You can pass a custom OpenSearch query to BM25Retriever to specify how you want it to fetch Documents from DeepsetCloudDocumentStore. With a custom query, you can prioritize documents based on their characteristics, such as a metadata field value, the date a document was created, and so on. This page covers the most common cases when you may want to write custom OpenSearch queries.
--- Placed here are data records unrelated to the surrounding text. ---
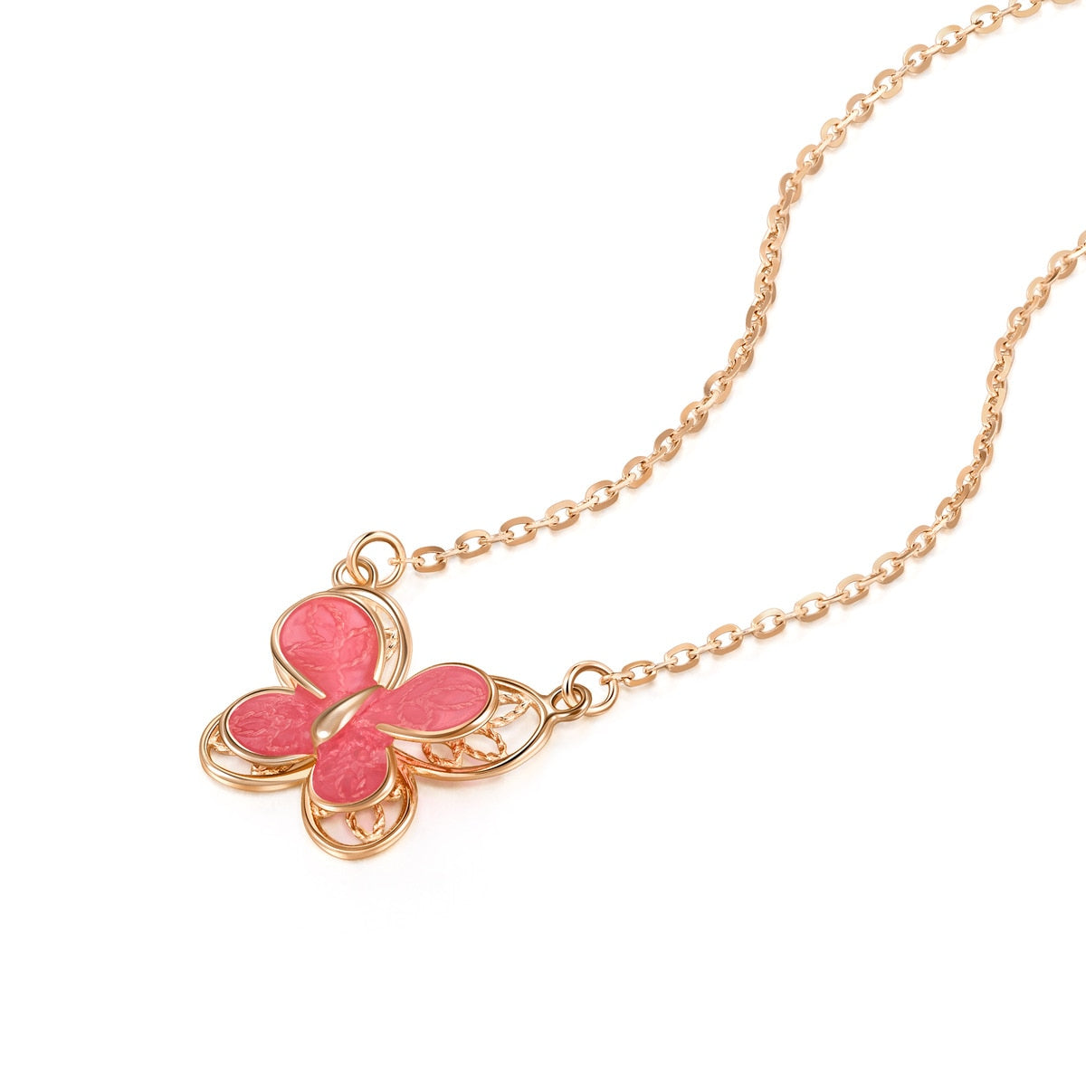 This 18K Rose Gold Butterfly Necklace by Chow Sang Sang features a hollow-carved butterfly design, framed by a vibrant magenta enamel coating. This piece radiates a combination of grace and playfulness, perfect for adding a splash of color to your look.
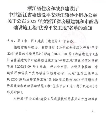 近期,浙江省住房和城鄉(xiāng)建設(shè)廳公布2022年度省房屋建筑和市政基礎(chǔ)設(shè)施工程“優(yōu)秀平安工地”名單,中節(jié)能實業(yè)公司太湖首座項目榮獲2022年度省“優(yōu)秀平安工地”。
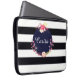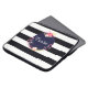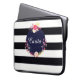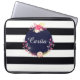 Manga portátil de 15" con un patrón rayado en blanco y negro. En el centro del funda, hay un monograma floral en el que puede añadir su nombre o inicial usando la plantilla.
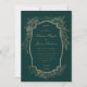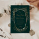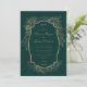 Linda estrutura de ouro com detalhes dourados correspondentes, em conjunto com fontes elegantes em um fundo verde profundo, criando um sofisticado convite para casamento, adequado para casamentos durante o ano inteiro. Veja na nossa loja mais itens correspondentes.
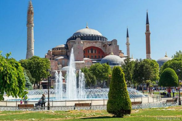 Собор Святой Софии находится в центре Стамбула, в районе Султанахмет.

Prioritizing Most Recent Documents
You can use the Gaussian decay function to prioritize the most recent documents. This function penalizes marginal time deltas.
Example Query
This query matches documents based on the $query
string against the content
field and any submitted filters. It then decreases the relevance score of the documents as they get older. The query favors documents newer than 30 days.
{
"query": {
"function_score": {
"query": {
"bool": {
"must": {
"match": {
"content": $query
}
},
"filter": $filters
}
},
"gauss": {
"_file_created_at": {
"origin": "now",
"offset": "30d",
"scale": "730d"
}
}
}
}
}
The first part defines function_score
as query
. This query type changes the relevance score the Retriever assigns to Documents using the function you specify in your custom query. Within the function_score
, we further specify the query to match the $query
value against the content
field in your documents. If $query
contains multiple words, the match
query returns all documents that contain any of the words from the $query
. This means that if the query is "Joe Biden", the query returns documents containing "Joe", "Biden", or both. $filters
allows us to use filters as usual.
Queries prioritizing the most recent documents often use the Gaussian decay function, which penalizes marginal time deltas. This is the case in this query as well. gauss
refers to the Gaussian function the query applies to your documents based on the _file_created_at
field. This means the score of each document decreases (or decays) the further the value in its _file_created_at
field is from the origin
value.
Parameters
The origin
parameter defines the point where the decay starts. Setting it to now
means the decay starts from the current time.
The offset
parameter is the distance from the origin at which the decay starts. Up until the value defined in offset
, the relevance score of your documents is not affected. This query sets the offset to 30 days, which means documents created within the last 30 days won't have their score affected by the Gaussian function.
The scale
parameter defines the rate of decay. Here, it's set to 730 days (about 2 years), which means the score of the document is decreased by half when the value in its _file_created_at
field is 730 days away from the value set in origin
.
Used in a Pipeline
When using an OpenSearch query in a YAML pipeline, it's recommended to pass it as a multi-line string using >
:
components:
- name: DocumentStore
type: DeepsetCloudDocumentStore
- name: Retriever
type: BM25Retriever
params:
document_store: DocumentStore
custom_query: >
{
"query": {
"function_score": {
"query": {
"bool": {
"must": {
"match": {
"content": $query
}
},
"filter": $filters
}
},
"gauss": {
"_file_created_at": {
"origin": "now",
"offset": "30d",
"scale": "180d"
}
}
}
}
}
- name: TextConverter
type: TextConverter
- name: Preprocessor
type: PreProcessor
pipelines:
- name: query
nodes:
- name: Retriever
inputs: [Query]
- name: indexing
nodes:
- name: TextConverter
inputs: [File]
- name: Preprocessor
inputs: [TextConverter]
- name: DocumentStore
inputs: [Preprocessor]
Other Options
If the Gaussian decay function doesn't match your use case, you can also use the following functions:
exp
for exponential decay.linear
for linear decay.
For more information about functions and their parameters, see OpenSearch documentation.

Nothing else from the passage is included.